// Unless explicitly stated otherwise all files in this repository are licensed
// under the MIT/Apache-2.0 License, at your convenience
//
// This product includes software developed at Datadog (https://www.datadoghq.com/). Copyright 2020
// Datadog, Inc.
//
//! # Glommio - asynchronous thread per core applications in Rust.
//!
//! ## What is Glommio
//!
//! Glommio is a library providing a safe Rust interface for asynchronous,
//! thread-local I/O, based on the linux `io_uring` interface and Rust's `async`
//! support.

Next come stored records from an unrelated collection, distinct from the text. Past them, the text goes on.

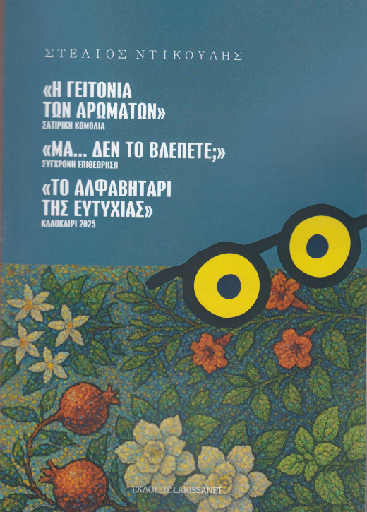 To νέο, όγδοο, βιβλίο του Λαρισαίου συγγραφέα, ηθοποιού και σκηνοθέτη Στέλιου Ντικούλη, παρουσιάζεται την Τρίτη 27 Ιανουαρίου 2026 στις 20.00 μμ. στο Θέατρο Τεχνών Λάρισας. Περιλαμβάνει την σατιρική κωμωδία με τίτλο «Η γειτονιά των αρωμάτων», ένα θεατρικό έργο, για την τελευταία γειτονιά με όμορφα λουλούδια -αγιόκλημα, γιασεμί, ροδιές κ.α.-, που ξέφυγε της ανοικοδόμησης και με πολλά στοιχεία ρομαντισμού και κωμωδίας. Την επιθεώρηση με τίτλο «Μα…. δεν το βλέπετε;», που σατιρίζει σχεδόν όλα τα θέματα της σύγχρονης κοινωνικής πραγματικότητας και παίχτηκε τον προηγούμενο χειμώνα και το περασμένο καλοκαίρι σε περιοδεία με μεγάλη επιτυχία, από το Θέατρο Τεχνών Λάρισας, το «Αλφαβητάρι της ευτυχίας», ένα αλφαβητάρι με τις απόψεις του συγγραφέα για τα σπουδαία θέματα της ζωής καθώς και συνεντεύξεις και άρθρα του Λαρισαίου συγγραφέα.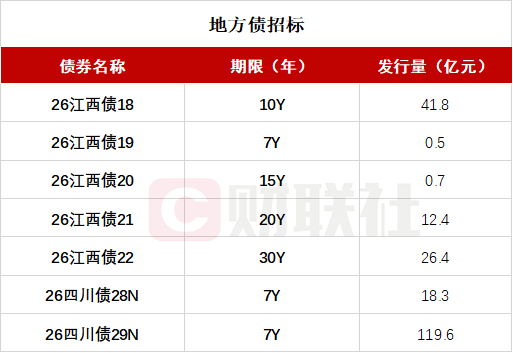 财联社4月24日电,今日将发行两批次地方债,包括江西、四川,具体如下: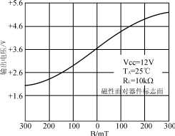 图3 霍尔线性电路UGN3501的磁电转换特性曲线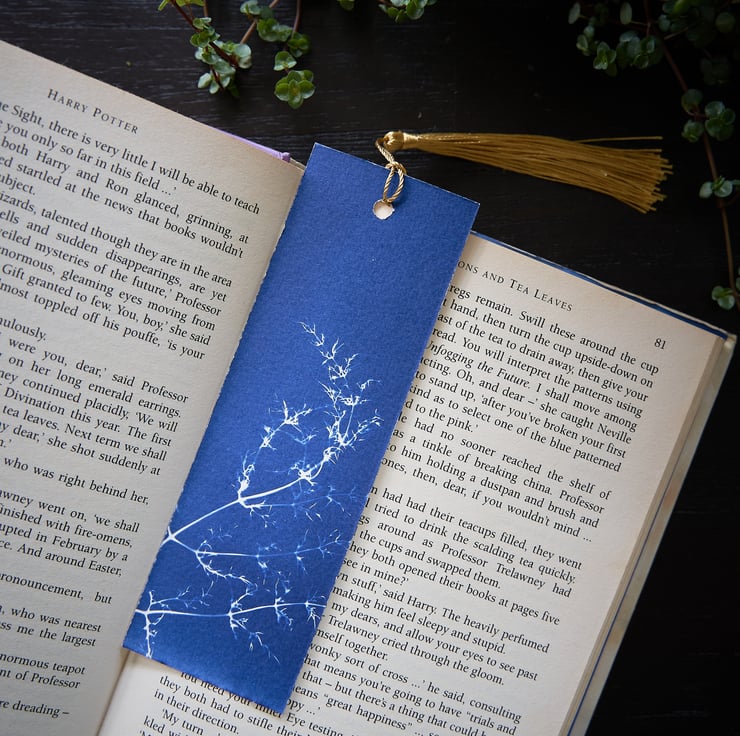 This bookmark has been lovingly handmade using the cyanotype process to create an original and unique design. This unique bookmark features the leaf of a fennel plant which has such beautiful dainty detail.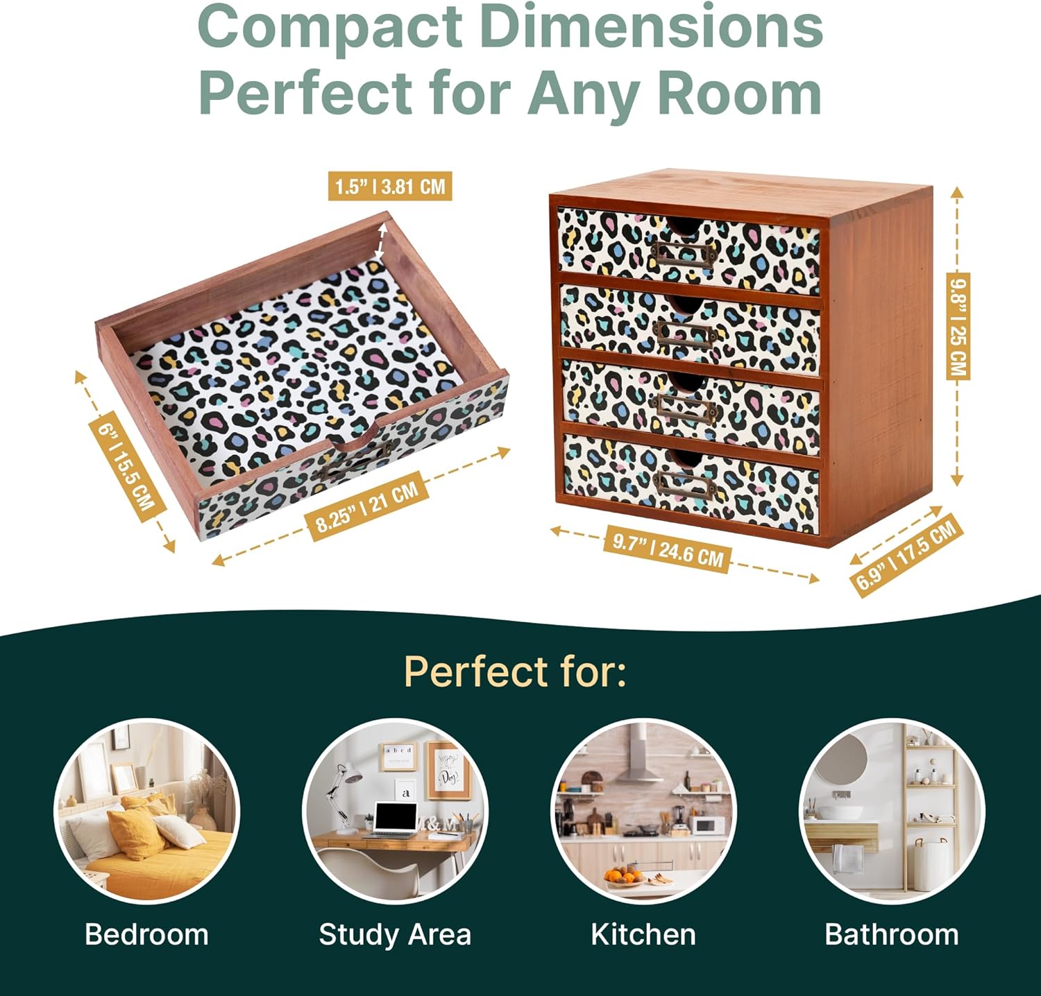 Colorful Leopard Print Wooden Desk Organizer - 4-Drawer Desktop Storage Cabinet for Office Supplies, Craft Tools & Home Organization - Trendy Wood Design for Crafters, Art Enthusiasts, Students

Glommio also provides support for pinning threads to CPUs, allowing
//! thread-per-core applications in Rust.
//!
//! This library depends on linux's `io_uring` interface, so this is Linux-only,
//! with a kernel version 5.8 or newer recommended.
//!
//! This library provides abstractions for timers, file I/O and networking plus
//! support for multiple-queues and an internal scheduler, all without using
//! helper threads.
//!
//! A more detailed exposition of Glommio's architecture is [available in this
//! blog post](https://www.datadoghq.com/blog/engineering/introducing-glommio/)
//!
//! ### Rust `async`
//!
//! Using Glommio is not hard if you are familiar with rust async. All you have
//! to do is:
//!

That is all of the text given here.